_DATA EXCERPT_.
───

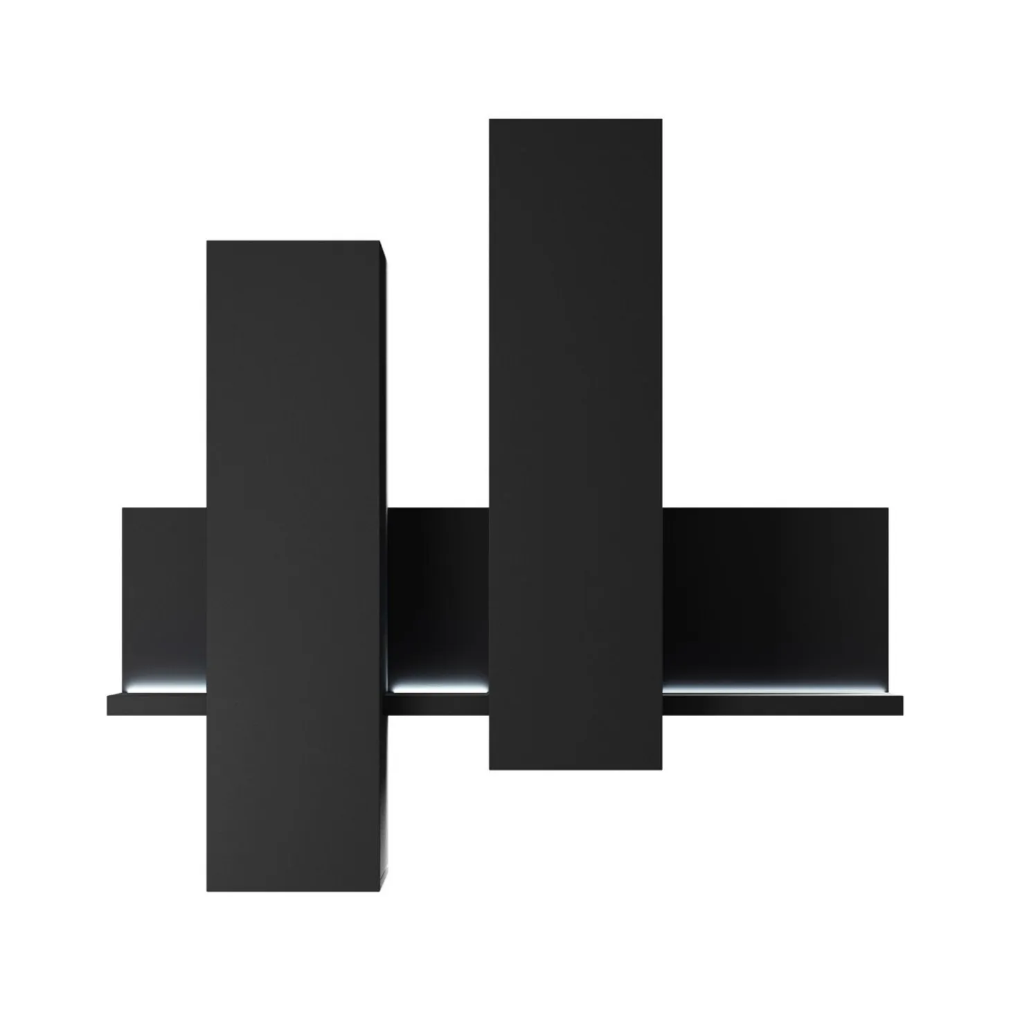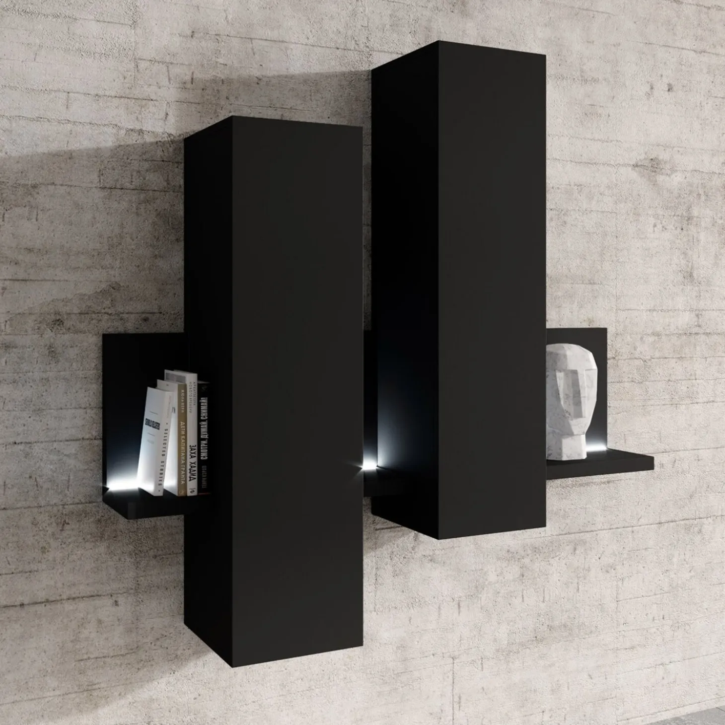 De wandkast Bologna in zwart heeft een strak en minimalistisch design met zwevende elementen en een speelse, asymmetrische indeling. De combinatie van gesloten kasten en subtiele plateaus zorgt voor een licht en modern geheel aan de wand.
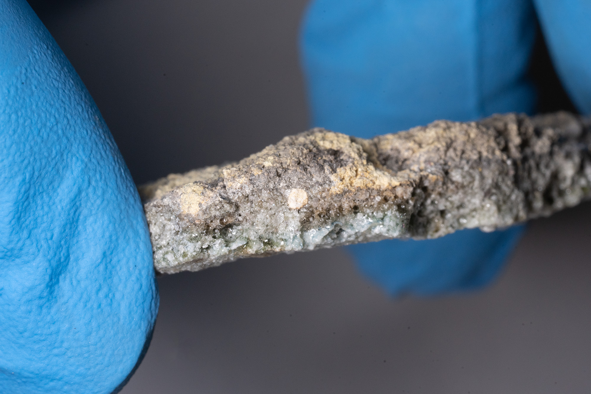 ‘On the bottom it’s got a sandy layer which will have been bits of sand in the area that have adhered to the bottom of this glass.’
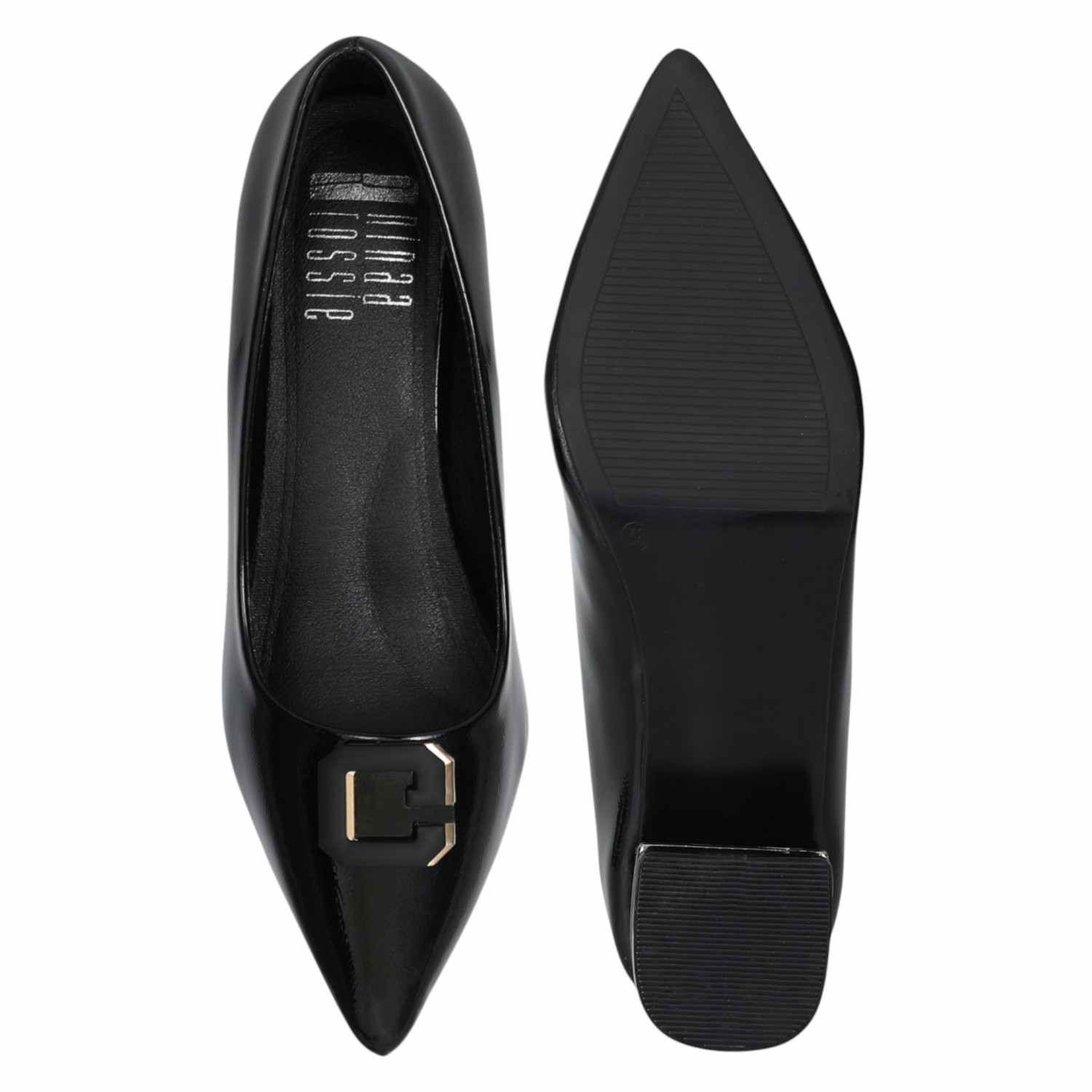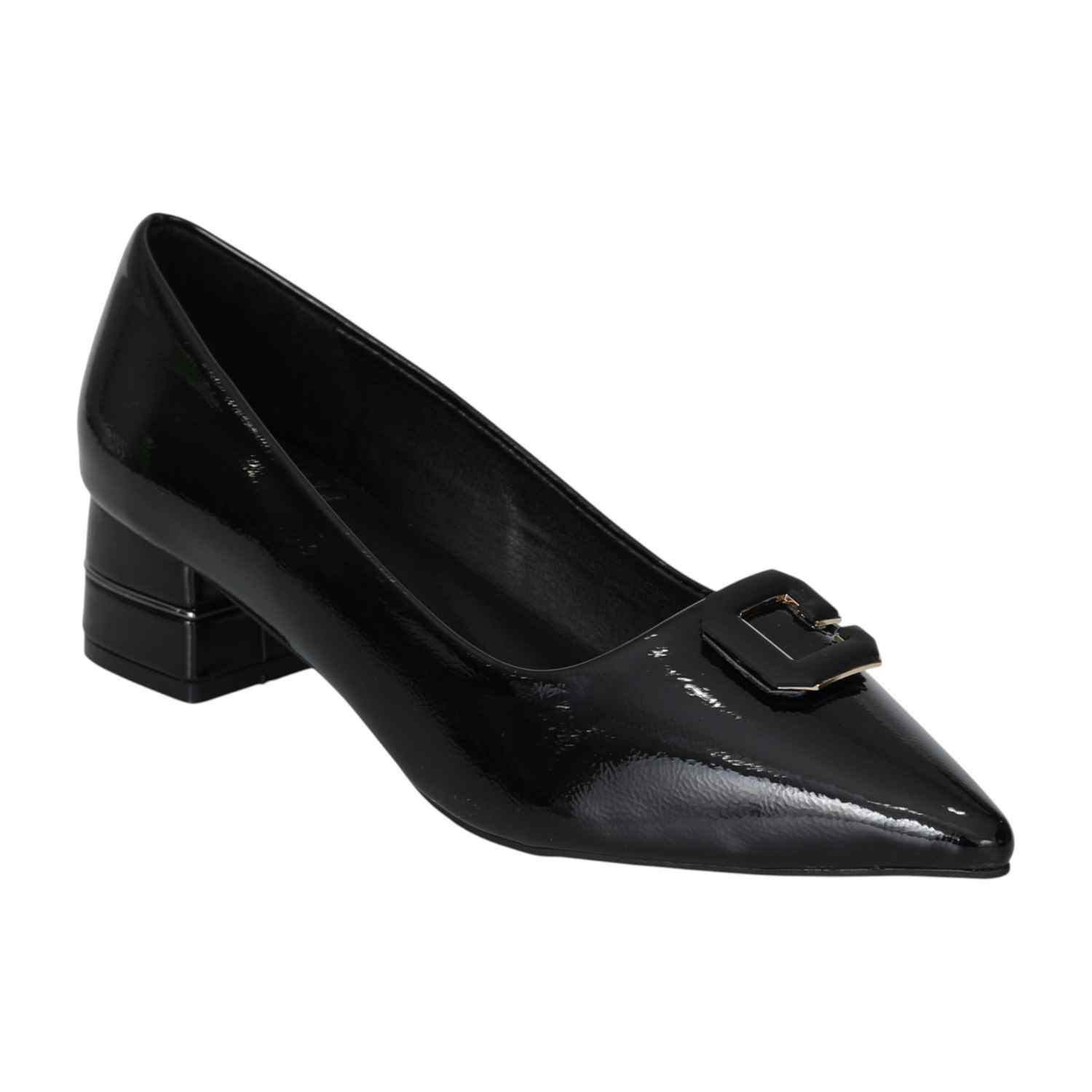 Refined and commanding, these black patent pumps are the ultimate blend of elegance and edge. Featuring a pointed toe and a sturdy low block heel, they offer just the right amount of lift while keeping you grounded in comfort. The glossy finish adds a polished touch, making them perfect for both professional and evening wear.
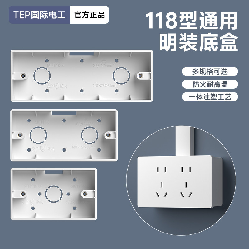 📚 国际电工118型二位明盒接线盒明装底盒通用开关插座三四位明线盒

───

_ASSIGNMENT_. Return the whole listing, word for word, and leave out every picture.

_RESULT OF THE EXERCISE_.
 De wandkast Bologna in zwart heeft een strak en minimalistisch design met zwevende elementen en een speelse, asymmetrische indeling. De combinatie van gesloten kasten en subtiele plateaus zorgt voor een licht en modern geheel aan de wand.
 ‘On the bottom it’s got a sandy layer which will have been bits of sand in the area that have adhered to the bottom of this glass.’
 Refined and commanding, these black patent pumps are the ultimate blend of elegance and edge. Featuring a pointed toe and a sturdy low block heel, they offer just the right amount of lift while keeping you grounded in comfort. The glossy finish adds a polished touch, making them perfect for both professional and evening wear.
 📚 国际电工118型二位明盒接线盒明装底盒通用开关插座三四位明线盒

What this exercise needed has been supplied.